IBM Cloud Object Storage Credentials

Field	Required	Default	Description
`key`	Y	-	IBM Cloud Object Storage HMAC access key ID
`secret`	Y	-	IBM Cloud Object Storage HMAC secret access key
`region`	Y	-	IBM Cloud region (e.g., `us-south`, `eu-gb`, `jp-tok`)
`endpoint`	Y	-	IBM COS endpoint URL (e.g., `https://s3.us-south.cloud-object-storage.appdomain.cloud`)

Connection

Field	Required	Default	Description
`part_size`	N	`5`	Multipart upload part size in megabytes (minimum 5MB)
`timeout`	N	`30`	Connection timeout in seconds
`field_format`	N	-	Data normalization format. See applicable Normalization section

Files

Field	Required	Default	Description
`bucket`	N*	-	Default IBM COS bucket name (used if `buckets` not specified)
`buckets`	N*	-	Array of bucket configurations for file distribution
`buckets.bucket`	Y	-	IBM COS bucket name
`buckets.name`	Y	-	File name template
`buckets.format`	N	`"json"`	Output format: `json`, `multijson`, `avro`, `parquet`
`buckets.compression`	N	-	Compression algorithm.
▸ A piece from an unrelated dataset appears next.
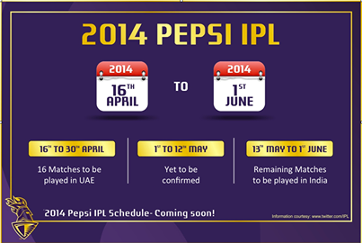 BCCI(Контрольный совет по крикету) рад сообщить, что сезон в 2014 году Pepsi IPL начнется в среду 16 апреля 2014, и завершится в воскресенье, 1 июня 2014.

See Compression below
`buckets.extension`	N	Matches `format`	File extension override
`buckets.schema`	N*	-	Schema definition file path (required for Avro and Parquet formats)
`name`	N	`"vmetric.{{.Timestamp}}.{{.Extension}}"`	Default file name template when `buckets` not used
`format`	N	`"json"`	Default output format when `buckets` not used
`compression`	N	-	Default compression when `buckets` not used
`extension`	N	Matches `format`	Default file extension when `buckets` not used
`schema`	N	-	Default schema path when `buckets` not used
`max_size`	N	`0`	Maximum file size in bytes before rotation
`batch_size`	N	`100000`	Maximum number of messages per file

* = Either bucket or buckets must be specified. When using buckets, schema is conditionally required for Avro and Parquet formats.

note

When max_size is reached, the current file is uploaded to IBM COS and a new file is created. For unlimited file size, set the field to 0.

Scheduler

Field	Required	Default	Description
`interval`	N	realtime	Execution frequency. See Interval for details
`cron`	N	-	Cron expression for scheduled execution. See Cron for details

Debug Options

Field	Required	Default	Description
`debug.status`	N	`false`	Enable debug logging
`debug.dont_send_logs`	N	`false`	Process logs but don't send to target (testing)

Details

The IBM Cloud Object Storage target provides enterprise-grade cloud storage integration with comprehensive file format support. IBM COS offers high durability (99.999999999%), security features, and flexible storage classes for cost optimization.

Authentication

Requires IBM Cloud Object Storage HMAC credentials. HMAC credentials can be created through the IBM Cloud console and provide programmatic access to COS buckets.

Endpoint Configuration

IBM Cloud Object Storage uses region-specific endpoints. The endpoint format is typically https://s3.<region>.cloud-object-storage.appdomain.cloud where <region> corresponds to your chosen IBM Cloud region.

Available Regions

IBM Cloud Object Storage is available in multiple regions worldwide:

Region Code	Location
`us-south`	Dallas, USA
`us-east`	Washington DC, USA
`eu-gb`	London, UK
`eu-de`	Frankfurt, Germany
`jp-tok`	Tokyo, Japan
`au-syd`	Sydney, Australia

File Formats

Format	Description
`json`	Each log entry is written as a separate JSON line (JSONL format)
`multijson`	All log entries are written as a single JSON array
`avro`	Apache Avro format with schema
`parquet`	Apache Parquet columnar format with schema

Compression

Some formats support built-in compression to reduce storage costs and transfer times. When supported, compression is applied at the file/block level before upload.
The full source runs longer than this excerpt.